BRASILIA, June 16 (Reuters) - Brazil's economic activity grew more than expected in April, according to central bank data released on Monday, reinforcing signs of resilience despite elevated borrowing costs ahead of the central bank's key interest rate decision this week.
The IBC-Br index, a leading indicator of the country's gross domestic product (GDP), rose by a seasonally adjusted 0.2% in April compared to the previous month.
This reading outpaced the 0.1% growth forecast in a Reuters poll of economists.
The services sector, which drives Latin America's largest economy, was a key contributor, with a 0.4% increase in its IBC-Br reading.
The tax revenue component rose 0.6% on a month-over-month basis.
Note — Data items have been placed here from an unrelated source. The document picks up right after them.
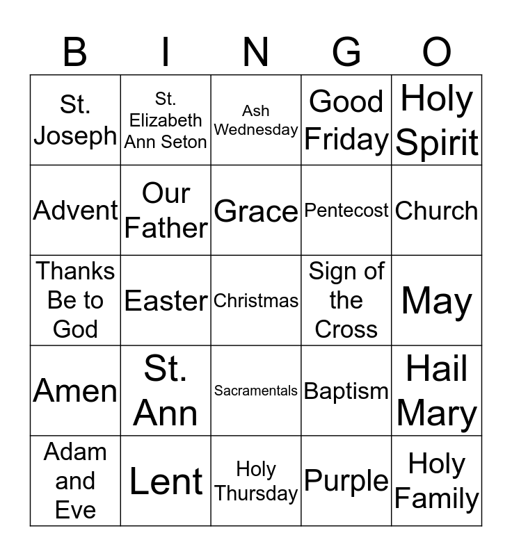 This bingo card has a free space and 24 words: St. Ann, Lent, Grace, Adam and Eve, Holy Spirit, St. Joseph, Advent, St. Elizabeth Ann Seton, Sign of the Cross, Sacramentals, Pentecost, Thanks Be to God, Baptism, Hail Mary, Our Father, Purple, May, Ash Wednesday, Church, Easter, Holy Family, Amen, Good Friday and Holy Thursday.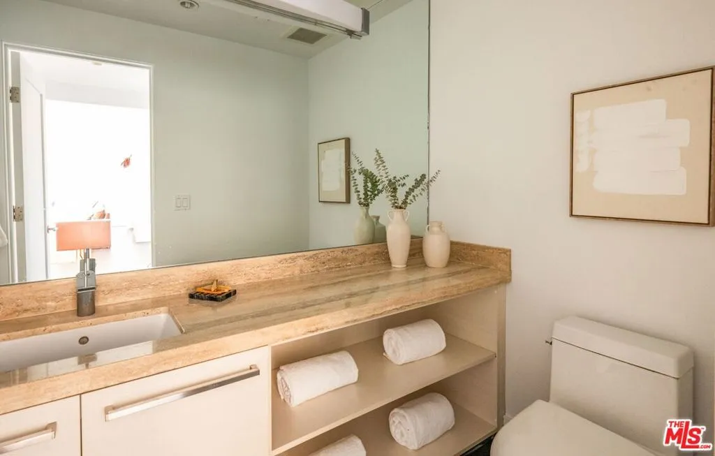 Perched on the top floor of this iconic architectural gem designed by Zoltan Pali, FAIA. This sophisticated Penthouse conveys urban elegance and the coveted California lifestyle with an open concept floor plan, soaring ceilings, sleek wood floors and expansive walls of glass that open seamlessly onto a sprawling patio. Framed by lush meticulously designed landscaping, the patio offers stunning hilltop views, perfect for both relaxation and entertaining. The chef-inspired kitchen, complete with a breakfast bar, is ideal for hosting gatherings or enjoying casual meals. Two generously sized master suites each feature their own private patios, luxurious en-suite bathrooms, and walk-in closets, providing a perfect blend of comfort and privacy. Additional amenities include side-by-side parking, a private storage room, and in-unit laundry for ultimate convenience. Located steps from Melrose Place in the vibrant heart of West Hollywood, this Penthouse is a rare opportunity to experience elevated living in LA's most desirable neighborhood.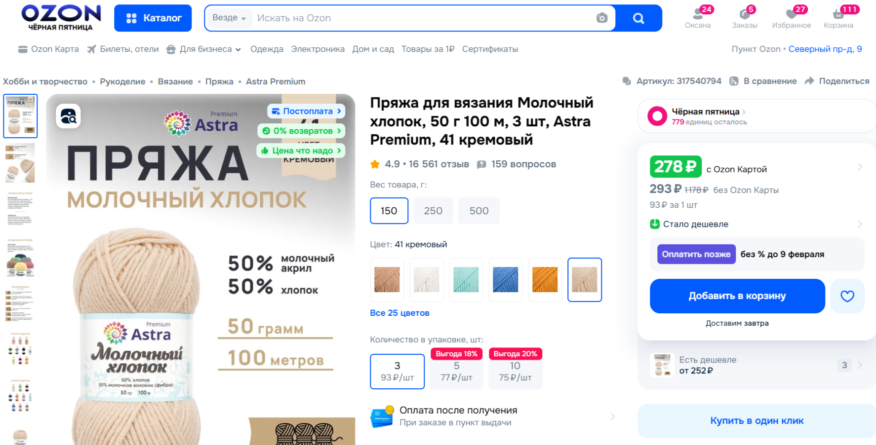 2 | Пряжа | https://www.ozon.ru/product/pryazha-dlya-vyazaniya-molochnyy-hlopok-50-g-100-m-3-sht-astra-premium-41-kremovyy-317540794/?at=qQtJwKjOvcX4DgW1f4XK9OyFEoA6A3fgYPQ5yhymywmK 278 руб: 8 человек= 34.75 руб |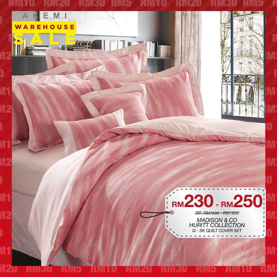 诱人的AKEMI Warehouse Sale 将从10月5日至8日在The 19 USJ City Mall, Subang Jaya举行,到时大家又有机会以超低价格购入高品质家居用品如枕头、床单、抱枕等!!这次AKEMI Warehouse Sale所促销的产品包括了来自Winny, Favorita, Cannon, Madison & Co等品牌的家居用品。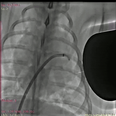 图3. DSA(数字减影血管造影)拍摄的巴马猪体内磁流体左心耳封堵实验过程(动图请看附件)。凯发k8官网供图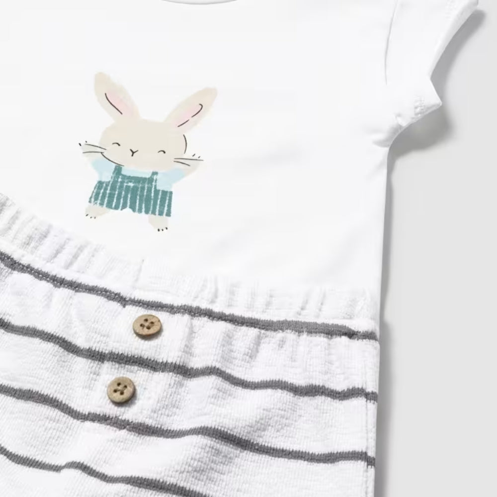 Mäkká bavlna s prídavkom elastanu je príjemná na pokožku a jednoduché strihy uľahčujú rýchle prezliekanie.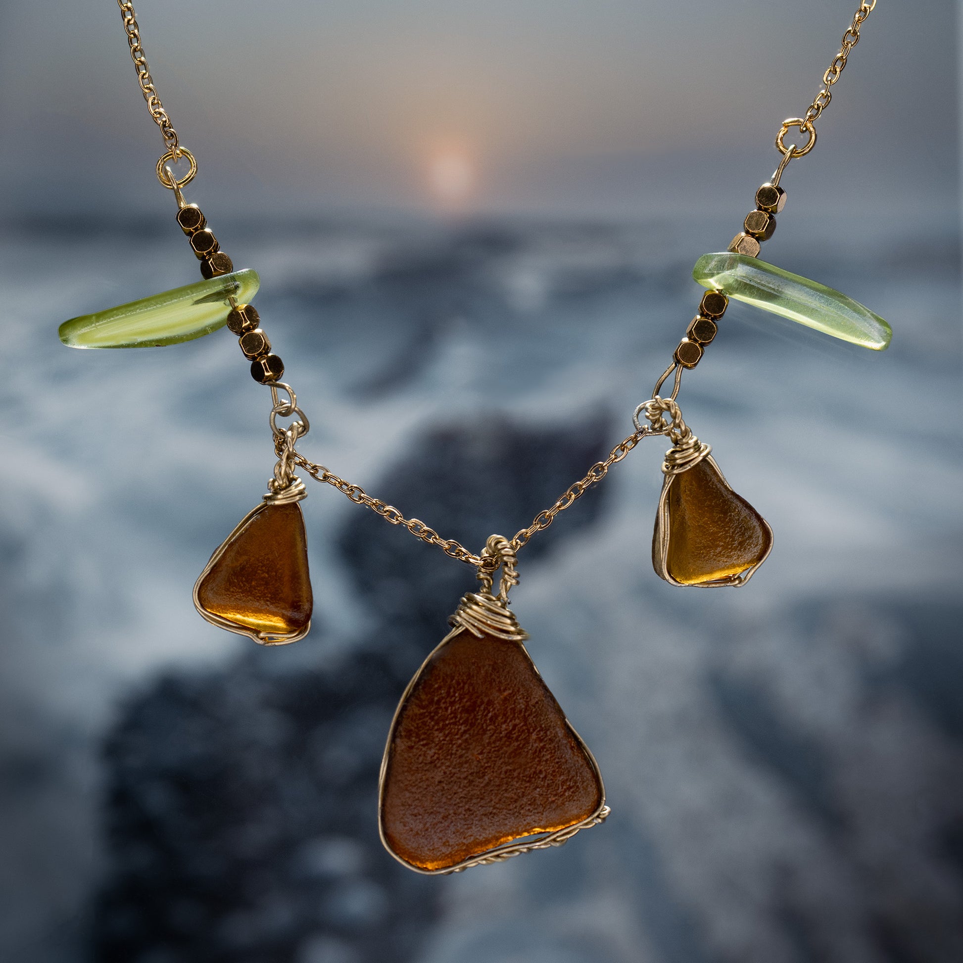 Materials: Amber sea glass collected along the North East coast, gold-finish brass wire & green glass beads, on hypoallergenic gold tinted chain.

However, the agricultural and industrial readings posted declines of 0.9% and 1.1%, respectively.
On a year-over-year basis, the IBC-Br index grew 4.0%, underscoring the economy's momentum.
The stronger-than-expected economic activity has fueled speculation the central bank may consider another interest rate hike at a policy meeting that ends on Wednesday.
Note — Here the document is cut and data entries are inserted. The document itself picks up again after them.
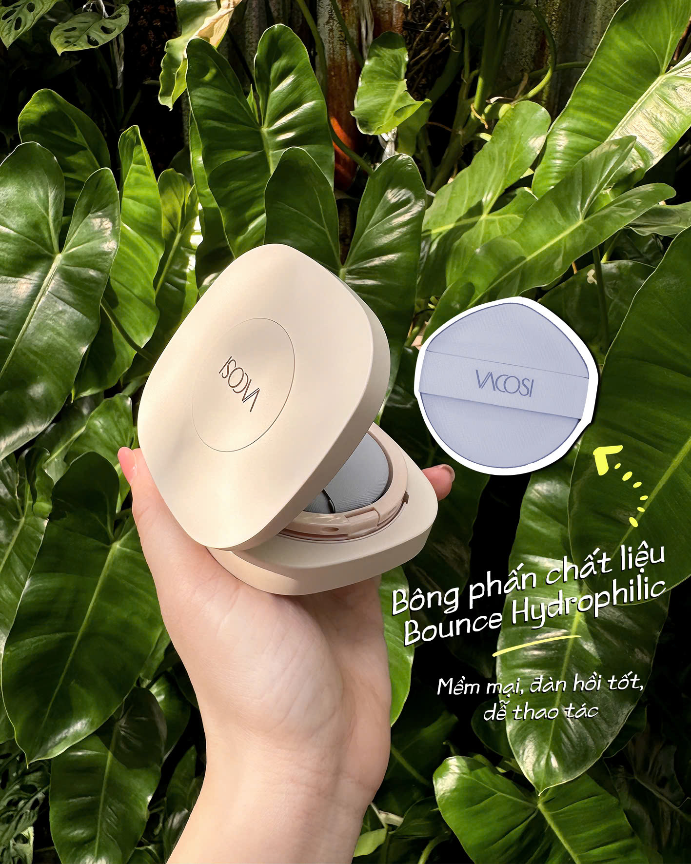+/+++ Phấn Cushion VACOSI được thiết kế tối giản trang nhã và đẹp mắt. Công thức được cải tiến trên nền , mang đến lớp nền không tì vết, giữ màu suốt 24h. Với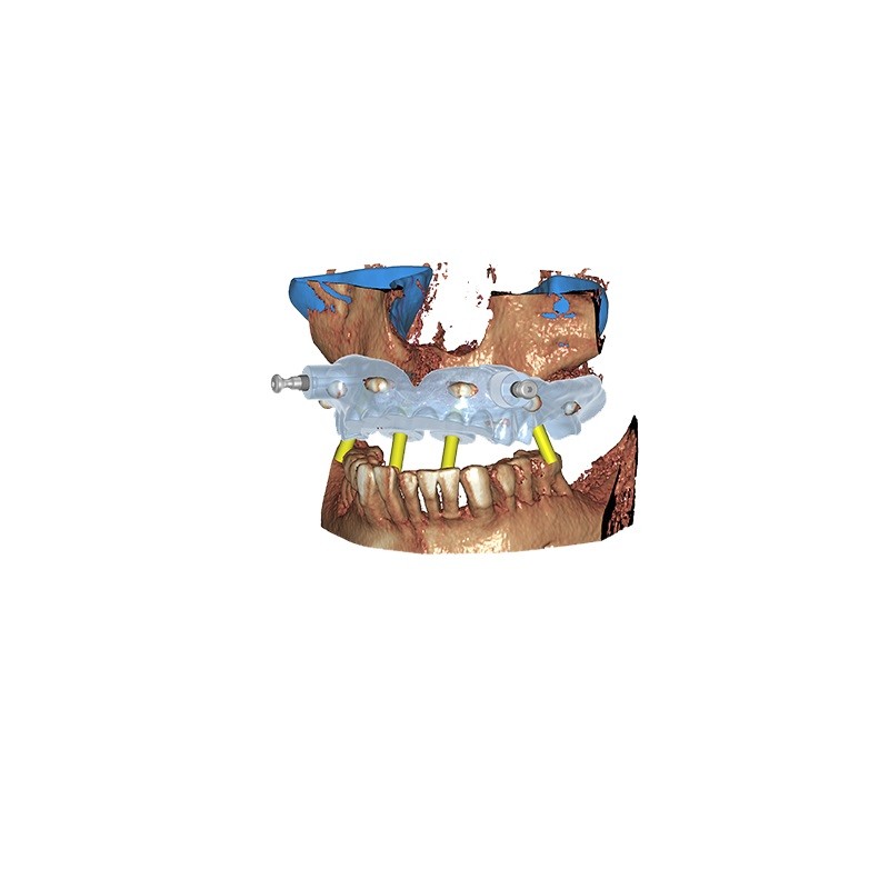 - Teljes szájrehabilitáció implantátumtervezéssel és sebészeti vezető kialakításával mindkét íven egyszerre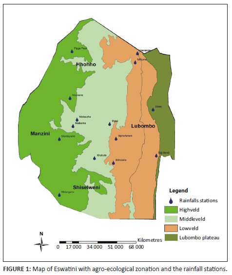 The country is classified into four agro-ecological zones (AEZ) - Highveld, Middleveld, Lowveld and Lubombo Range - based on elevation, landforms, geology, soils, climate and vegetation. The rainy season is from mid-October to mid-April, with mean annual rainfall ranging from 700 mm to 1500 mm in Highveld to 200 mm in the southern Lowveld (Table 1). These large ranges indicate the fluctuating nature of Eswatini's climate and make the country very vulnerable to meteorological hazards such as drought and floods (Figure 1).

Still, the median forecast in a central bank weekly survey released earlier on Monday anticipates the benchmark Selic rate will remain unchanged at 14.75%, its highest level in nearly two decades.
Such a decision would mark the end of the aggressive tightening cycle initiated in September 2024 to rein in inflation, which has consistently exceeded the central bank's official target of 3% plus or minus 1.5 percentage points.